At TIDES USA 2022: Oligonucleotide and Peptide Therapeutics Conference, the company presented nonhuman primate data on the agent where it showed robust exon 44 skipping in nonhuman primate biceps through 12 weeks following a single intravenous infusion, demonstrating durability of response.⁵ That data built on a previously reported nonhuman primate study indicating similar robust exon 44 skipping across different muscle groups at 7 days following a single intravenous infusion. Specifically, treatment with the agent resulted in exon skipping in the quadriceps, biceps, deltoid, tibialis anterior, diaphragm, and cardiac ventricle.
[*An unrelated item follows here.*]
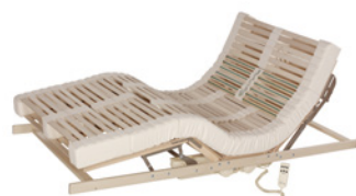
Motorrahmen mit Netzfreeschaltung

Entrada announced both of these analyses, as well as other analyses in hDMD mice expressing full length human DMD gene and patient-derived muscle cells, at the 2022 New Directions in Biology and Disease of Skeletal Muscle conference. In patient cells, robust dose-dependent exon 44 skipping and dystrophin protein production were observed after 5 days of differentiation. Similarly, the agent resulted in high and durable levels of exon 44 skipping across major muscle groups in hDMD mice for at least 12 weeks.⁶

REFERENCES
1. Entrada Therapeutics Announces FDA Removal of Clinical Hold on ENTR-601-44. News Release. Entrada Therapeutics. Published February 24, 2025. Accessed February 24, 2025. https://ir.entradatx.com/news-releases/news-release-details/entrada-therapeutics-announces-fda-removal-clinical-hold-entr
2. Entrada Therapeutics Announces Updates on ENTR-601-44 in Duchenne Muscular Dystrophy. News Release. Entrada Therapeutics. Published November 22, 2023. Accessed February 24, 2025. https://ir.entradatx.com/news-releases/news-release-details/entrada-therapeutics-announces-updates-entr-601-44-duchenne
3. Entrada Therapeutics Receives Authorization in the United Kingdom to Initiate Phase 1 Clinical Trial of ENTR-601-44 for the Potential Treatment of Duchenne Muscular Dystrophy. News Release. Entrada Therapeutics. Published August 1, 2023. Accessed February 24, 2025. https://ir.entradatx.com/news-releases/news-release-details/entrada-therapeutics-receives-authorization-united-kingdom
4. Entrada Therapeutics announces clinical hold on IND application for ENTR-601-44 in Duchenne muscular dystrophy. News release. December 19, 2022. Accessed February 24, 2025. https://ir.entradatx.com/news-releases/news-release-details/entrada-therapeutics-announces-clinical-hold-ind-application
5. Entrada Therapeutics presents new data supporting its growing pipeline of endosomal escape vehicle (EEV) therapeutics at TIDES USA 2022. News release. May 11, 2022. Accessed February 24, 2025. https://ir.entradatx.com/news-releases/news-release-details/entrada-therapeutics-presents-new-data-supporting-its-growing
6. Estrella NL, Hicks AN, Kumar A, et al. Development of ENTR-601-44, a novel EEV-conjugated PMO for Duchenne muscular dystrophy. Presented at: New Directions in Biology and Disease of Skeletal Muscle Conference; Ft. Lauderdale, FL.